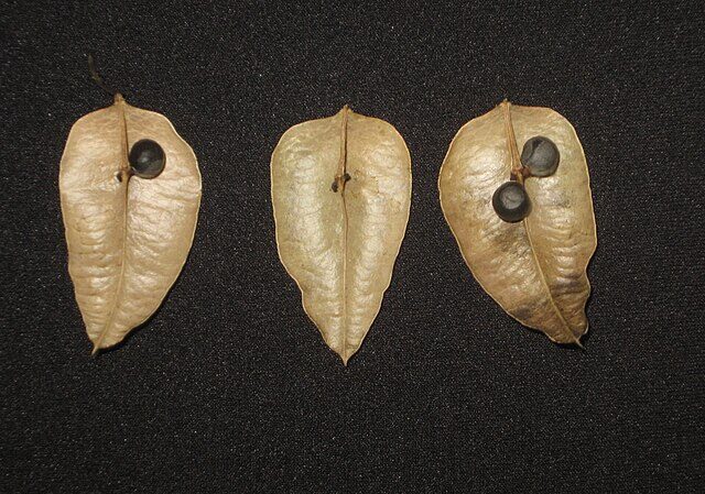 Le savonnier de Chine est un arbre ornemental très fréquemment planté dans les villes en France, issu de la famille des Sapindacées. Originaire de Chine (vous l’auriez deviné), il peut atteindre 10 mètres de hauteur au bout de 20 ans de croissance plutôt lente. Sa floraison jaune magnifique de fin de printemps lui donne des allures exotiques. Ces fleurs sont suivies de belles capsules vertes claires qui virent au brun à l’automne et qui vaut à cet arbre le surnom « d’arbre aux lanternes ».
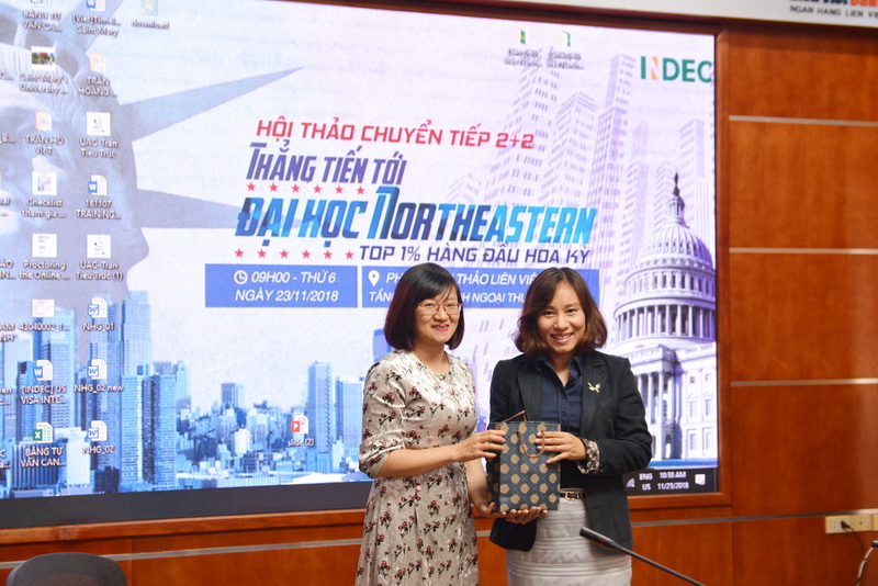 Dr. Nguyen Thuy Anh – Vice Dean of Business Administration (left) presented gift for Ms. Oanh Nguyen – Northeastern University Admissions Representative and KAPLAN International Pathways in Southeast Asia (right)
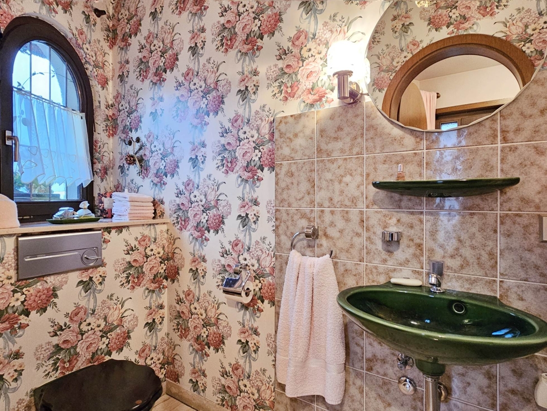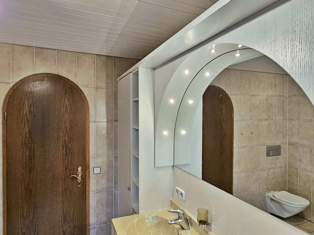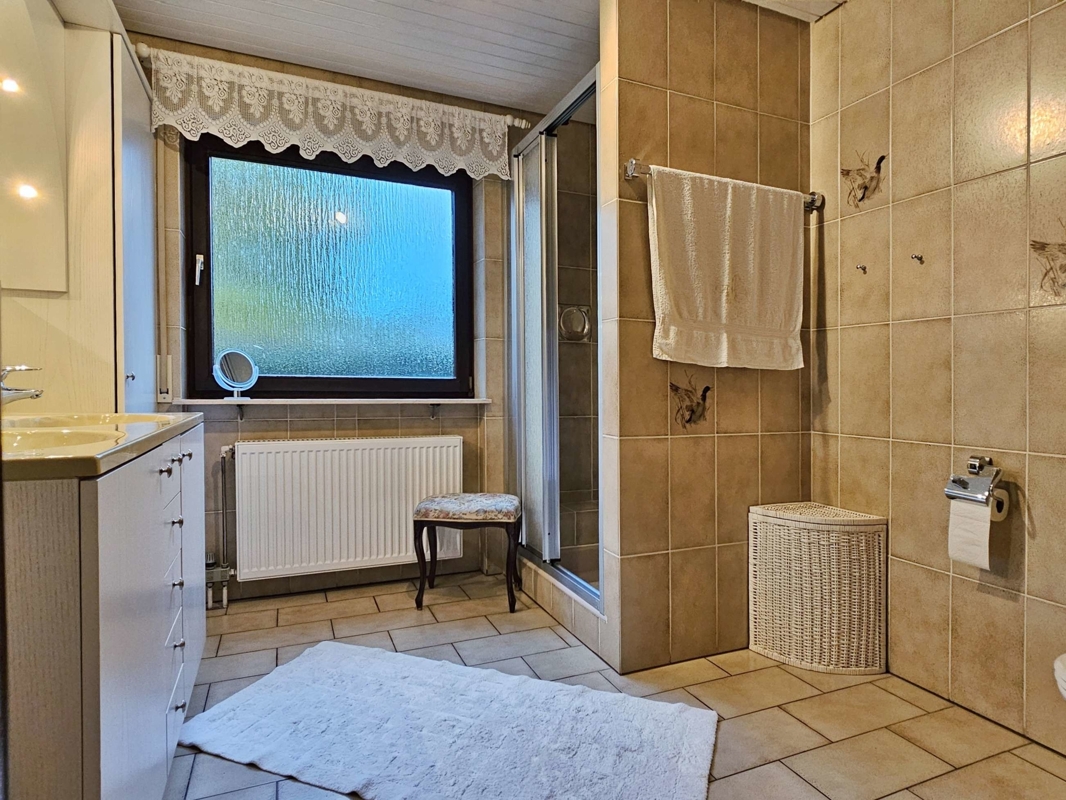 Sanitäre Ausstattung: Im Erdgeschoss befindet sich ein Tageslichtbad mit Doppelwaschbecken, Dusche und wandhängendem WC. Ein weiteres Bad im Untergeschoss verfügt über eine Badewanne, Waschbecken und wandhängendes WC, ebenfalls in sehr gepflegtem Zustand.

• • • • • • •

### AIM OF THE EXERCISE
All of the data, minus its pictures, should be repeated exactly.

### TASK RESULT
 Le savonnier de Chine est un arbre ornemental très fréquemment planté dans les villes en France, issu de la famille des Sapindacées. Originaire de Chine (vous l’auriez deviné), il peut atteindre 10 mètres de hauteur au bout de 20 ans de croissance plutôt lente. Sa floraison jaune magnifique de fin de printemps lui donne des allures exotiques. Ces fleurs sont suivies de belles capsules vertes claires qui virent au brun à l’automne et qui vaut à cet arbre le surnom « d’arbre aux lanternes ».
 Dr. Nguyen Thuy Anh – Vice Dean of Business Administration (left) presented gift for Ms. Oanh Nguyen – Northeastern University Admissions Representative and KAPLAN International Pathways in Southeast Asia (right)
 Sanitäre Ausstattung: Im Erdgeschoss befindet sich ein Tageslichtbad mit Doppelwaschbecken, Dusche und wandhängendem WC. Ein weiteres Bad im Untergeschoss verfügt über eine Badewanne, Waschbecken und wandhängendes WC, ebenfalls in sehr gepflegtem Zustand.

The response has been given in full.